Strings are low-level. They're a half-step above binary streams. And because they're ubiquitous and all libraries work in terms of strings, there's active pressure against creating new types that represent the invariants and structure that your application may actually need, which often results in those invariants never even being thought through in the first place.

Again, it's subjective, and depends strongly on your opinion of Worse of Better. I agree that your thoughts on Inheritance. I think this problem is difficult to solve in a way that's not strictly worse than the original problem. I would be interested to see a language that only defines strings as a Protocol (or whatever) with a handful of implementations in the stdlib. I honestly have no idea if it would be the Garden of Eden or a steaming pile of ass, but I think it's important that we find out.


The string is a stark data structure and everywhere it is passed there is much duplication of process. It is a perfect vehicle for hiding information. -- Allen J. Perlis


His name is "Alan." I'm not sure how you managed to copy-paste that improperly.

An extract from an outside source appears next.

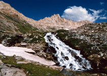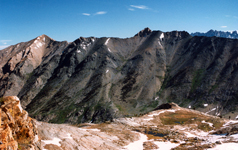 The northern and eastern slopes had large snow fields, but the peaks could be ascended on rock. On the lower western slopes the wildflowers were in full bloom and a variety of wildlife was visible. Climbing and hiking were really enjoyable.

BTW: there is no such thing as generic sanitized string. There may be SQL-escaped string, HTML-escaped, JS-escaped, JS-in-HTML-in-SQL-escaped, etc. It always depends on context (I'm going to invent format that uses ASCII 'a' in escape sequence — sanitize that! ;)


Base64 encode a string and it's generically sanitized. They're a bit difficult to read with the naked eye though.


Unless it's in a URL. (This is why URL-safe Base64 versions exist... Which can then in turn be inappropriate for other places.)


And base64 can use the / character, so it's unsafe for POSIX filenames.


Until the next element in the pipeline chain decodes it and you can then have injection.


Sure. I was just using one example of sanitization: defense against Bobby Tables.